Thomas Bachheimer: Obwohl der Vorfall mit der Hamas im Oktober in dieser Region nahezu unbemerkt blieb, zeichnet sich bei den Spannungen mit den Huthis eine Veränderung ab. Diese Veränderung manifestiert sich nicht unmittelbar auf den Straßen oder in Gesprächen mit den Einheimischen, sondern wirkt sich praktisch auf das alltägliche Leben aus. Seit Beginn des Jahres ist ein signifikanter Rückgang der Touristenzahlen in Dubai zu verzeichnen, obwohl dies normalerweise die Hochsaison ist. Im Vergleich zum Vorjahr ist bvon der gewohnten Belebung kaum etwas zu spüren. Dies führt auch zu einem Rückgang der Mietpreise für Langzeitmietwohnungen, da viele Vermieter flexibel zwischen Einjahresverträgen und Monatsmieten wechseln, abhängig von der Nachfragesituation.

Ich stehe vor der Aufgabe, im März meinen neuen Jahresmietvertrag auszuhandeln, und es scheint, als könnte ich die gleichen Konditionen wie im Vorjahr erreichen – ein in Dubai äußerst seltenes Phänomen, da die Mieten hier üblicherweise regelmäßig steigen, in manchen Jahren sogar im zweistelligen Prozentbereich. Die Einwohner Dubais scheinen die Ereignisse am Golf entspannter zu betrachten als Außenstehende. In der hohen Politik jedoch zweifelt niemand daran, dass der Iran in den aktuellen Vorfällen eine bedeutende Rolle spielt. Es ist wichtig, sich daran zu erinnern, dass die Königreiche am Golf ihren bemerkenswerten Wohlstand nicht nur durch die hervorragende Ausbildung ihrer heutigen Herrscher und ihre Vorkommen fossiler Brennstoffe erreicht haben, sondern auch durch langfristige dynastische Planung und entsprechendes Handeln.

Seit 1979 strebt der Iran danach, dass diese Länder seinem Beispiel folgen und zu islamistischen Republiken werden. Aus diesem Grund verhalten sich die Herrscher, die religiös und kulturell eng mit den Palästinensern verbunden sind, in Bezug auf eine Einmischung in den Konflikt in Gaza zurückhaltend. Sie befürchten, dass ein Sieg der Minderheit in Israel Begehrlichkeiten nach einer islamistischen Revolution in der Golfregion wecken könnte.

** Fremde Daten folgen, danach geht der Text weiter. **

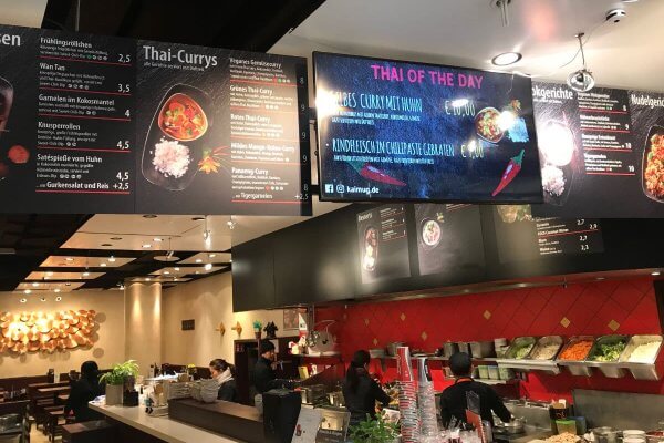 Begeistern Sie Ihre Kunden durch visuell ansprechende Speisekarten mit bewegenden Effekten. Während Ihre Kunden in der Schlange stehen um Ihre Bestellung aufzugeben, können Sie Sonderangebote, Beilagen oder Getränke zu Ihren Menüs präsentieren.

Auf den Straßen jedoch zeigt sich eine deutliche Unterstützung für Palästina. Dies stellt ein Paradoxon unserer Zeit dar.

DWN: Sie haben als einziger Zentraleuropäer am vergangenen BRICS-Gipfel in Südafrika teilgenommen. Wie war es da und was für Erkenntnisse haben Sie mit nach Hause genommen?

Thomas Bachheimer: Ich war vermutlich der Einzige, der an dem besagten Meeting teilgenommen hat – abgesehen von einem SWR-Kameramann, der jedoch nach kurzer Zeit wieder verschwand. In Europa schien man dieses Treffen bewusst herunterzuspielen oder gar zu ignorieren.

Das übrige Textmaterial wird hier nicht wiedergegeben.